● EXERCISE DETAILS
Your answer must be the full listing below, restated word for word, with no pictures in it.

● SOURCE MATERIAL
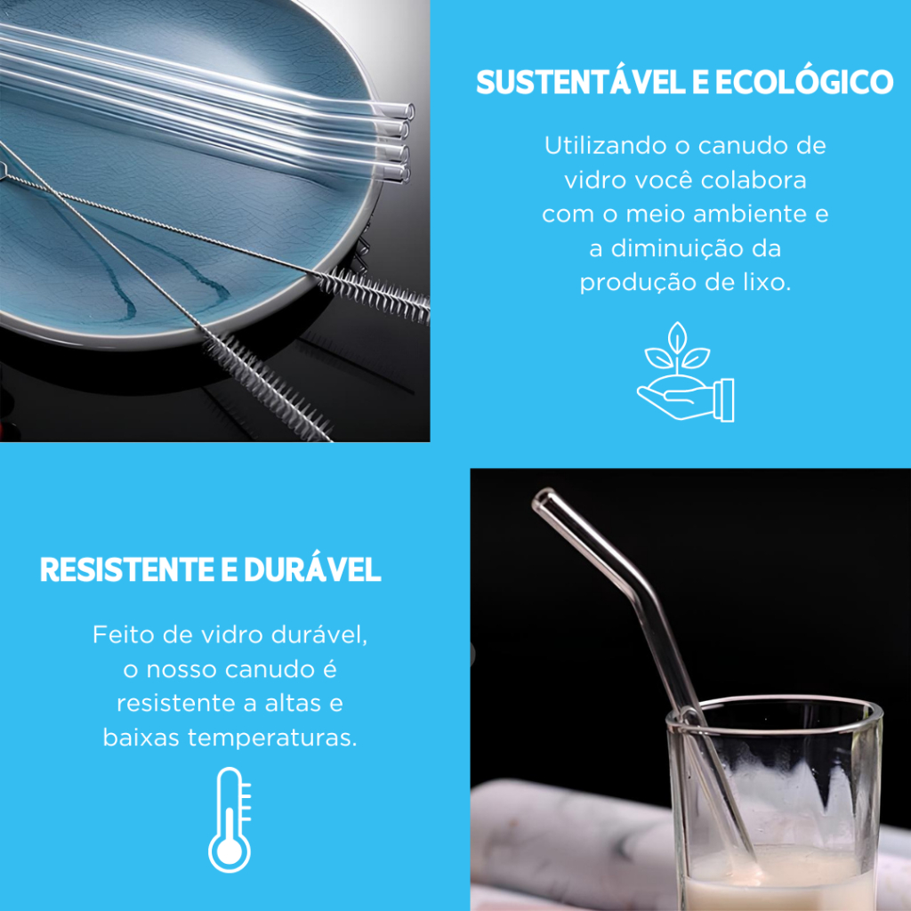 Canudos de Vidro Reutilizáveis Com Escova Para Limpeza - Kit Ecológico - AERO
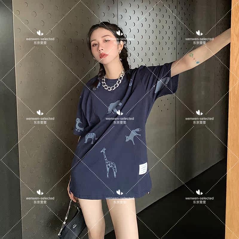 Thom Browne2021 spring summer new TB animal embroidered male and female identical pure cotton loose short sleeve T-shirt
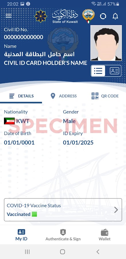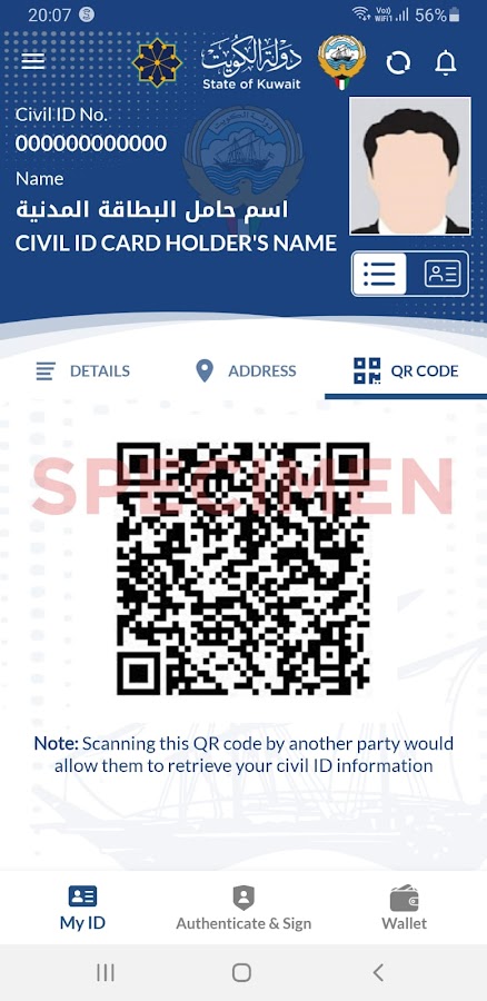 Это приложение предоставляет гражданину и жителям в штате Кувейт цифровой идентификатор, который может быть использован для следующих целей и более:

● SOLUTION
 Canudos de Vidro Reutilizáveis Com Escova Para Limpeza - Kit Ecológico - AERO
 Thom Browne2021 spring summer new TB animal embroidered male and female identical pure cotton loose short sleeve T-shirt
 Это приложение предоставляет гражданину и жителям в штате Кувейт цифровой идентификатор, который может быть использован для следующих целей и более:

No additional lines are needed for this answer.